Working with Multiple Tabs
OpenClaw supports multi-tab workflows via targetId:
action: "open"targetId to subsequent actions to specify which tab{
"action": "open",
"url": "https://example.com/page1",
"profile": "openclaw"
}
Response includes targetId: "page-abc123". To work with this specific tab:
{
"action": "snapshot",
"profile": "openclaw",
"targetId": "page-abc123"
}
Handling Dialogs
JavaScript alerts, confirms, and prompts can interrupt automation. Use the dialog action:
{
"action": "dialog",
"profile": "openclaw",
"accept": true,
"promptText": "optional text for prompts"
}
Set accept: false to dismiss the dialog.
Advanced Patterns
Waiting for Elements
Sometimes you need to wait for an element to appear after an action:
{
"action": "act",
"profile": "openclaw",
"request": {
"kind": "wait",
"text": "Success"
}
}
This waits for text "Success" to appear on the page.
Hover Actions
Trigger hover menus or tooltips:
{
"action": "act",
"profile": "openclaw",
"request": {
"kind": "hover",
"ref": "e10"
}
}
Drag and Drop
For drag-and-drop interfaces:
{
"action": "act",
"profile": "openclaw",
"request": {
"kind": "drag",
"startRef": "e5",
"endRef": "e12"
}
}
Best Practices
{
"action": "stop",
"profile": "openclaw"
}
Troubleshooting
Element not found: Take a fresh snapshot. Element refs change if the page updates.
Timeout errors: Increase timeout or change loadState to something less strict.
Stale page: Refresh before taking snapshot:
{
"action": "navigate",
"profile": "openclaw"
}
JavaScript not executing: Ensure page is fully loaded before calling evaluate.
Configuration
OpenClaw's browser tool can be configured in openclaw.json:
{
"browser": {
"headless": true,
"defaultTimeout": 30000,
"viewport": {
"width": 1280,
"height": 720
}
}
}
Set headless: false for debugging to see the browser window.
Conclusion
OpenClaw's agent-browser provides a powerful, AI-friendly interface for web automation. By combining snapshots for understanding page state with actions for interaction, agents can automate complex web workflows without writing traditional scraping code.

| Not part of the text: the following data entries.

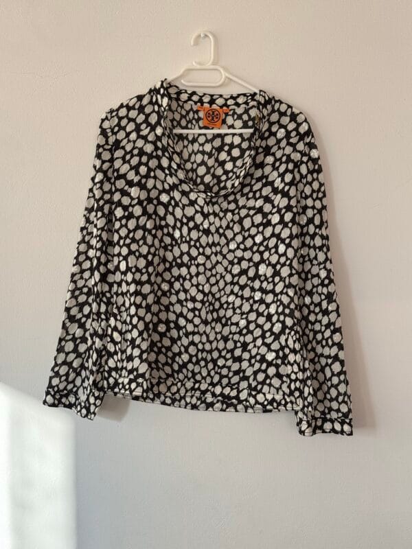 Αυθεντική Tory Burch μπλούζα σε ασπρόμαυρο abstract print, 100% βαμβάκι. Μέγεθος US 6 (EU 38). Ανάλαφρη, κομψή και ιδανική για all–day chic εμφανίσεις.
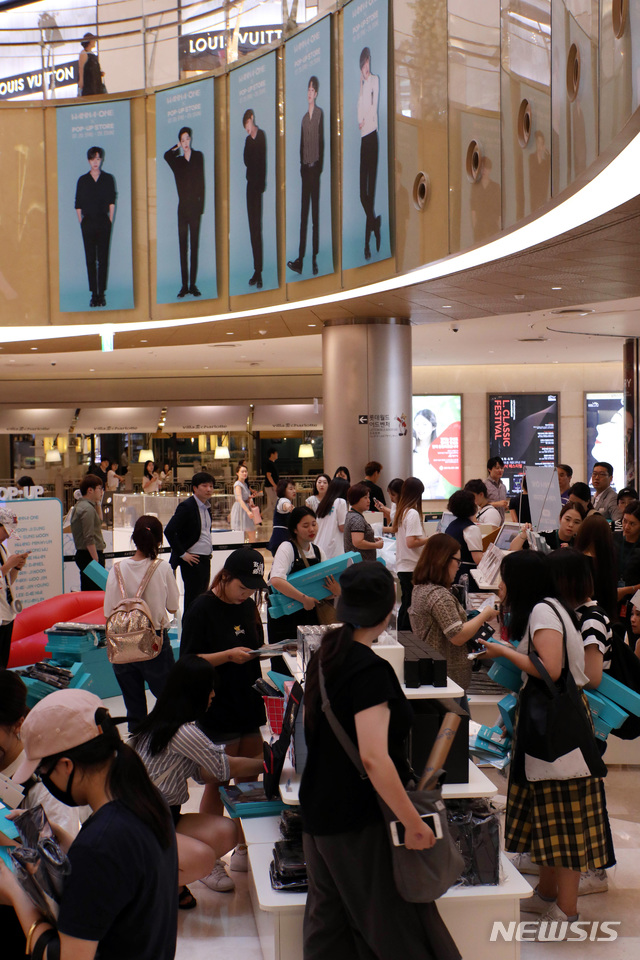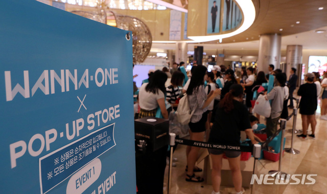 樂天百貨蠶室店舉辦Wanna One快閃店活動 http://www.newsis.com/view/?id=NISI20180722_0014312444 樂天百貨從即日起到29日在蠶室世界塔的地下樓層舉辦Wanna One快閃店活動。 本次活動展示銷售包含Wanna One行李箱在內等多樣的夏季商品。其中代表性商品的行李箱 也可以在九樓的BUYER's PICK購買。 從活動的第一天開始,樂天百貨蠶室店會場即湧入了擁擠的人潮。 http://image.newsis.com/2018/07/22/NISI20180722_0014312441_web.jpg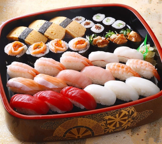 【商品内容】 まぐろ赤身・いか・びんとろ・とろサーモン・海老・玉子・生たこ・甘海老・鉄砲巻き・肉軍艦・カリフォルニア中巻き(サーモン・いくらのせ)・かっぱ巻き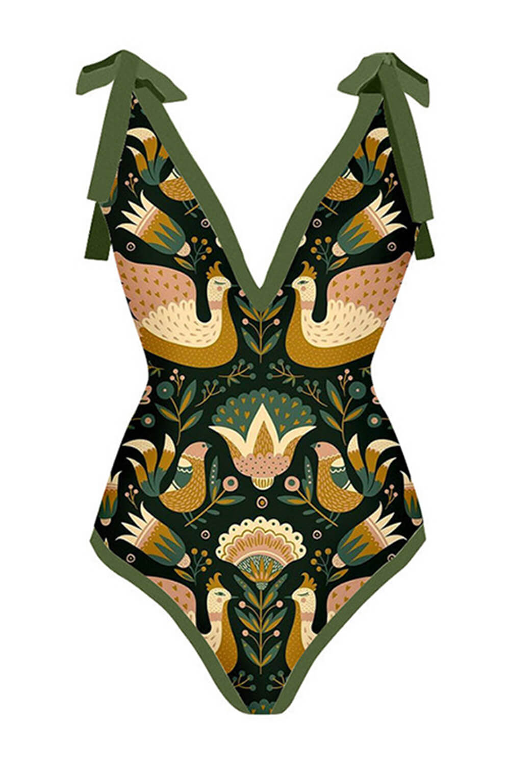Mandarin Duck Print Plunge Tie-Shoulder One Piece Swimsuit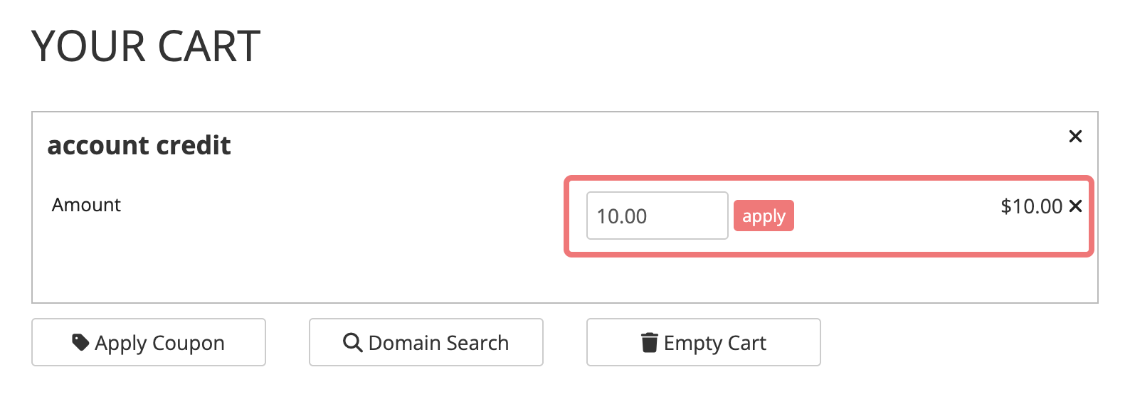 You'll be directed to your cart automatically. By default, you'll see $100 of account credit in the cart. You can adjust the amount of credit you're purchasing (there's a $10 USD minimum), then click "apply" to refresh your cart.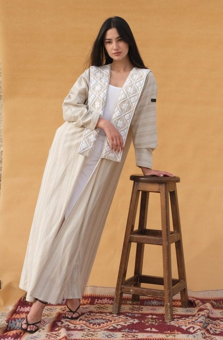 Textured A cut beige linen abaya with collar and handmade off white embroidery. Comes with a beige veil. Model is wearing Medium.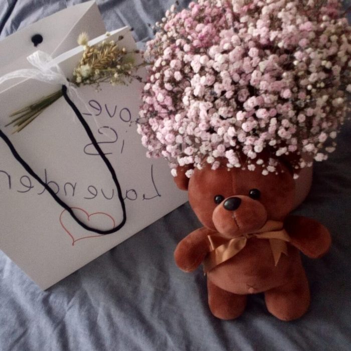 Гипсофила – 25 шт.Лаванда – 35 шт.Шляпная коробка – 1 шт.Флористическая губка – 1 шт.Мишка плюшевый – 1 шт.Пакет подарочный – 1 шт.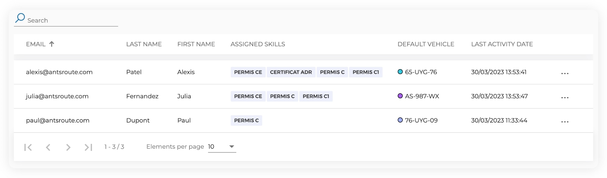 The management of skills in AntsRoute.
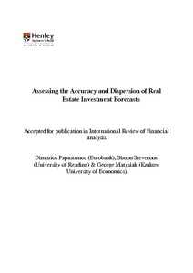 Papastamos, D., Stevenson, S. and Matysiak, G. (2015) Assessing the accuracy and dispersion of real estate investment forecasts. International Review of Financial Analysis, 42. pp. 141-152. ISSN 1057-5219 doi: 10.1016/j.irfa.2015.01.014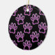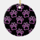 Pink Neon Dog Paw Print Ceramic Tree Decoration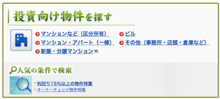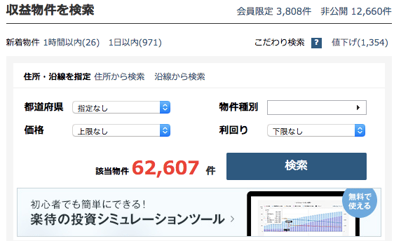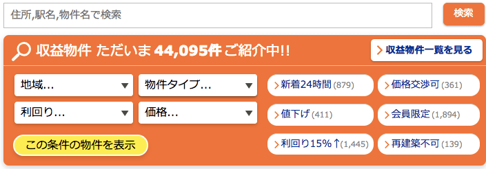 ホームズや楽待と比べるとややマイナーですが、それだけ穴場物件が掲載されている可能性もあるので本気の投資家は要チェックです。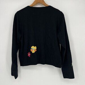 Emma Tricot Cardigan Embroidered Tropical Flowers Black Women’s Size Medium
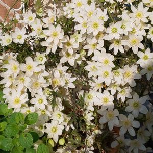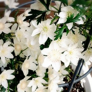 去年の夏、ホームセンターのお値下げコーナーからやってきた常緑クレマチスのアーリーセンセーションとカートマニージョー。 同じ日に植え替えたのに成長は様々です。左のアーリーさんはお花少な目、枝がワサワサ。カートマニーさんをくすぐりに行ってます🤗カートマニーさんはお花沢山で枝は少な目。ガーデニングは色んな発見があって楽しいですね🌿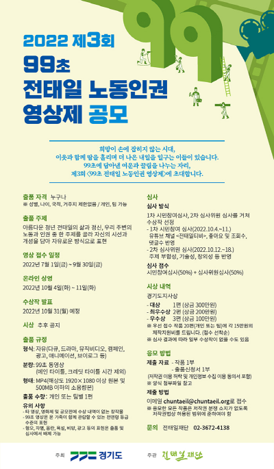 먼저 올해 3회째를 맞는 ‘99초 전태일 노동인권 영상제’는 99%의 사람들을 위해 살아간 전태일의 정신을 기리는 영상작품 공모전으로, 7월 1일부터 9월 30일까지 작품 공모를 진행한다.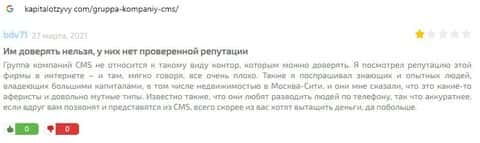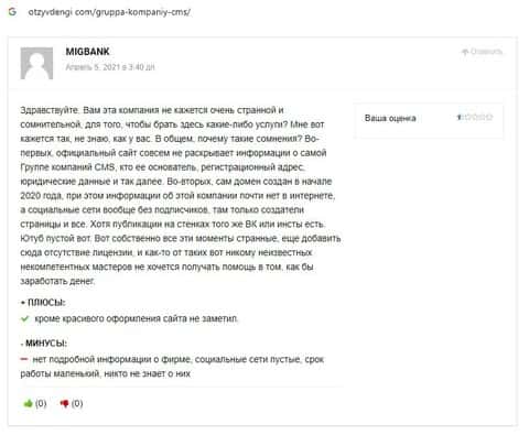 Автор отзыва пишет, что нет никакой конкретной информации о компании CMS Группа Компаний, в том числе и в социальных сетях, что подозрительно.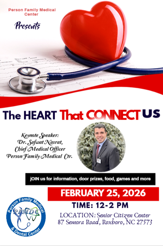 The Person Family Medical Center will be collaborating with Person County Senior Center hosting a National Heart Health event on Wednesday, February 25 from 12:00pm to 2:00pm. Dr. Nasrat, Medical Director at PFMC will speaking about heart health and free blood pressure checks will be offered. There will also be door prizes, food, games, and a variety of other vendor booth organizations on site providing information and resources. It is free to attend so be sure to stop by. |

The key is thinking in terms of: snapshot (understand), act (interact), evaluate (extract). This pattern handles everything from simple form filling to complex multi-step workflows.
Start with simple navigations and snapshots, then build up to more complex interactions as you get comfortable with the element reference system and action types.